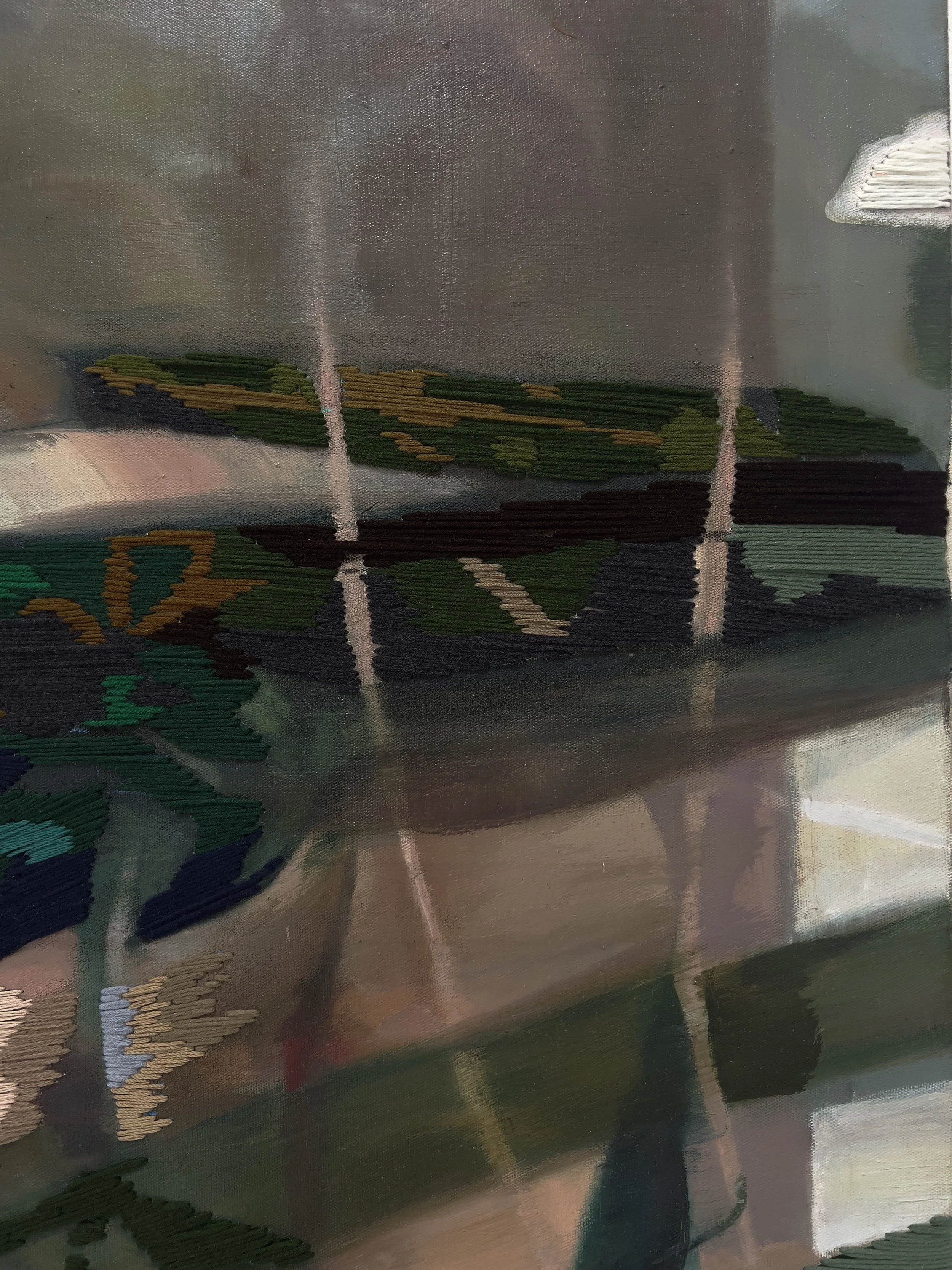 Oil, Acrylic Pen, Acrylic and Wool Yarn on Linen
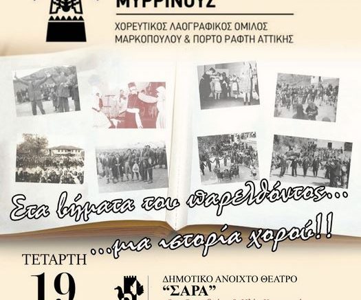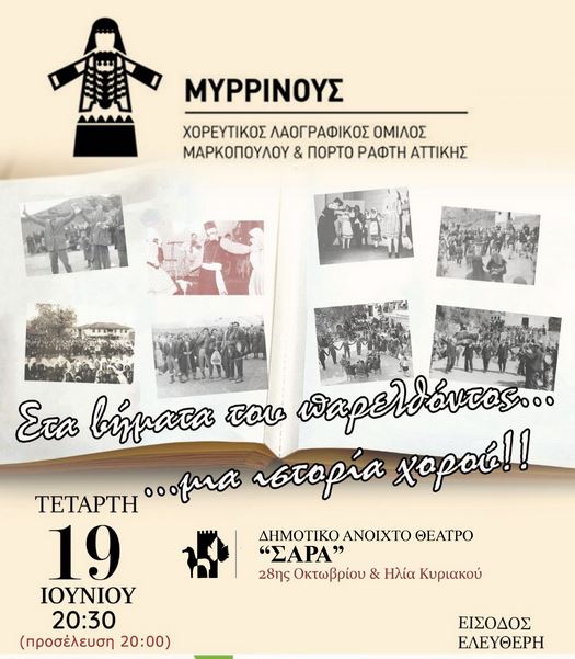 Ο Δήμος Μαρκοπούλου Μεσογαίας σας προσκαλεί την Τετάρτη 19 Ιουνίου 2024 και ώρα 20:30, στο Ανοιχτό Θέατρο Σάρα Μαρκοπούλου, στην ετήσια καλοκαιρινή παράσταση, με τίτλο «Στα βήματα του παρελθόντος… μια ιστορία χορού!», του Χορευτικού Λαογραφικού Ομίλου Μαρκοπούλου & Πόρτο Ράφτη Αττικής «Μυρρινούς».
--
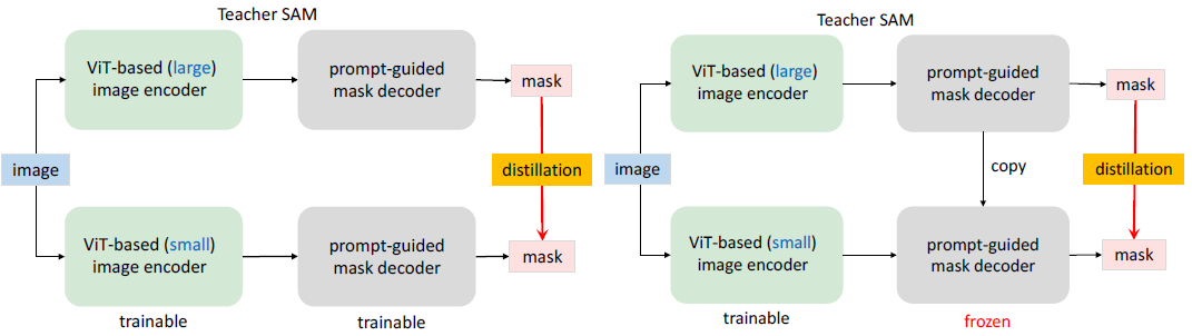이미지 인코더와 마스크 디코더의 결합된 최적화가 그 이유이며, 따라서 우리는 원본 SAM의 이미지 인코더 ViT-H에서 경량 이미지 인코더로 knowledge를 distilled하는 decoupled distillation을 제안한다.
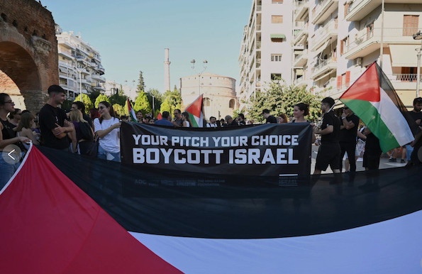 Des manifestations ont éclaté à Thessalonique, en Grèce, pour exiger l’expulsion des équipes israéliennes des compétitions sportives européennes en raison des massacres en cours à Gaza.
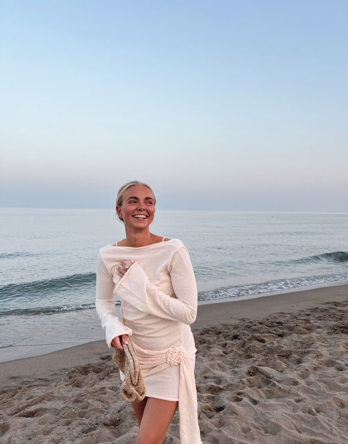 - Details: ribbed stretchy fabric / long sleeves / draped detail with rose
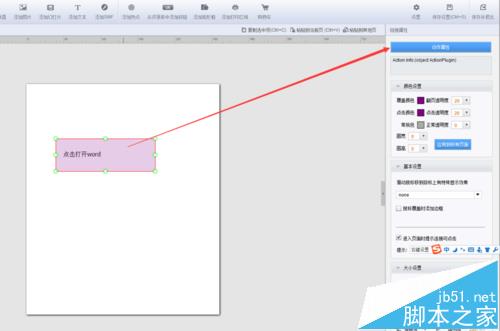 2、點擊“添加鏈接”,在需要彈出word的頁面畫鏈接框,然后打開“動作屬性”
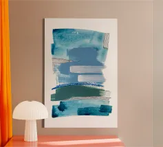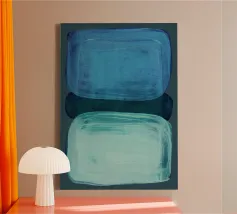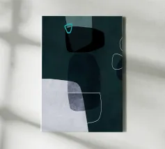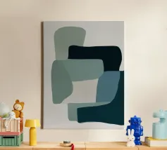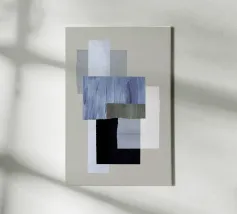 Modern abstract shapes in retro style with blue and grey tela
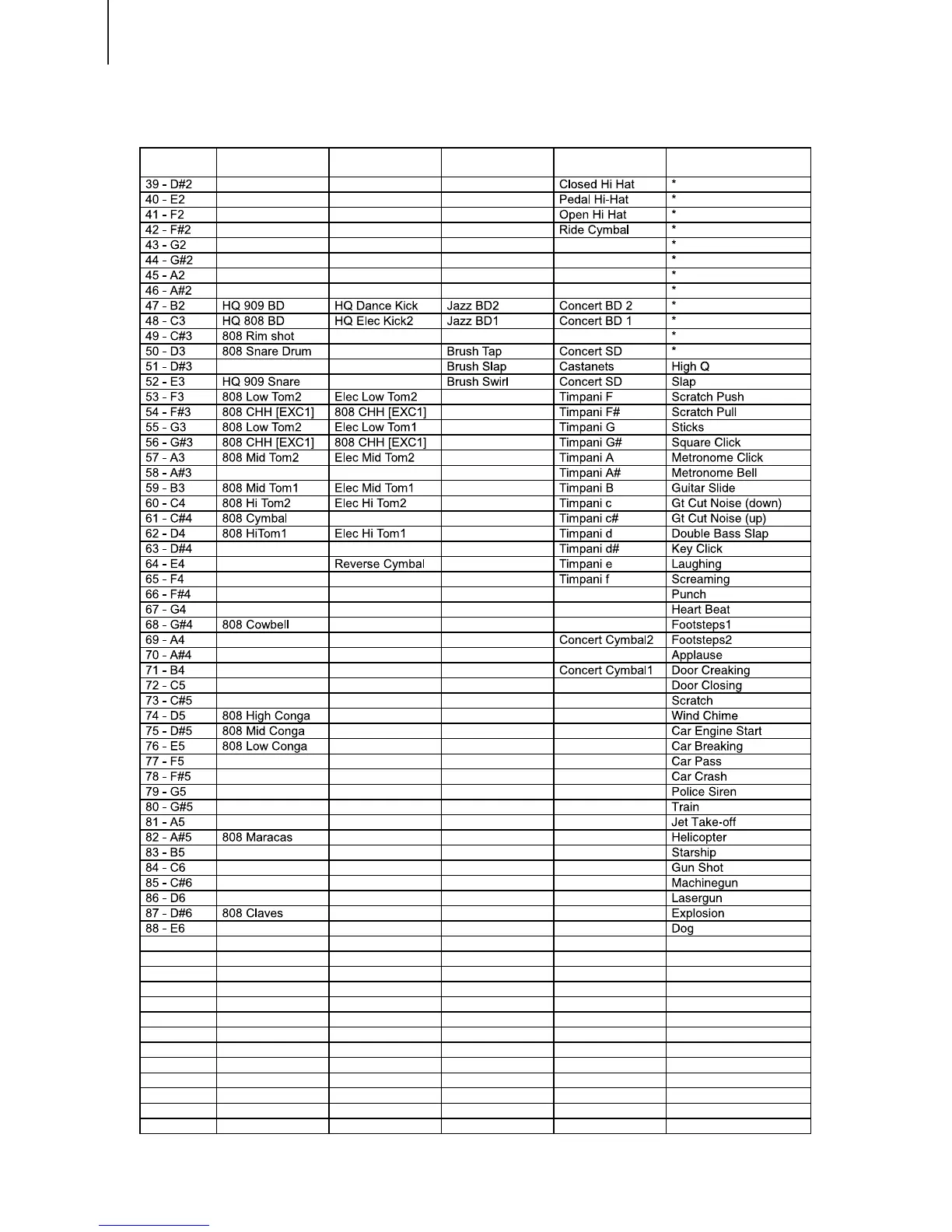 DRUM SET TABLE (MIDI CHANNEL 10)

- [Your goal]
Take the material above from the line containing "Oil, Acrylic Pen, Acrylic" up to and including the line containing "Ο Δήμος Μαρκοπούλου" and retype it exactly, without any pictures.

- [Task result]
 Oil, Acrylic Pen, Acrylic and Wool Yarn on Linen
 Ο Δήμος Μαρκοπούλου Μεσογαίας σας προσκαλεί την Τετάρτη 19 Ιουνίου 2024 και ώρα 20:30, στο Ανοιχτό Θέατρο Σάρα Μαρκοπούλου, στην ετήσια καλοκαιρινή παράσταση, με τίτλο «Στα βήματα του παρελθόντος… μια ιστορία χορού!», του Χορευτικού Λαογραφικού Ομίλου Μαρκοπούλου & Πόρτο Ράφτη Αττικής «Μυρρινούς».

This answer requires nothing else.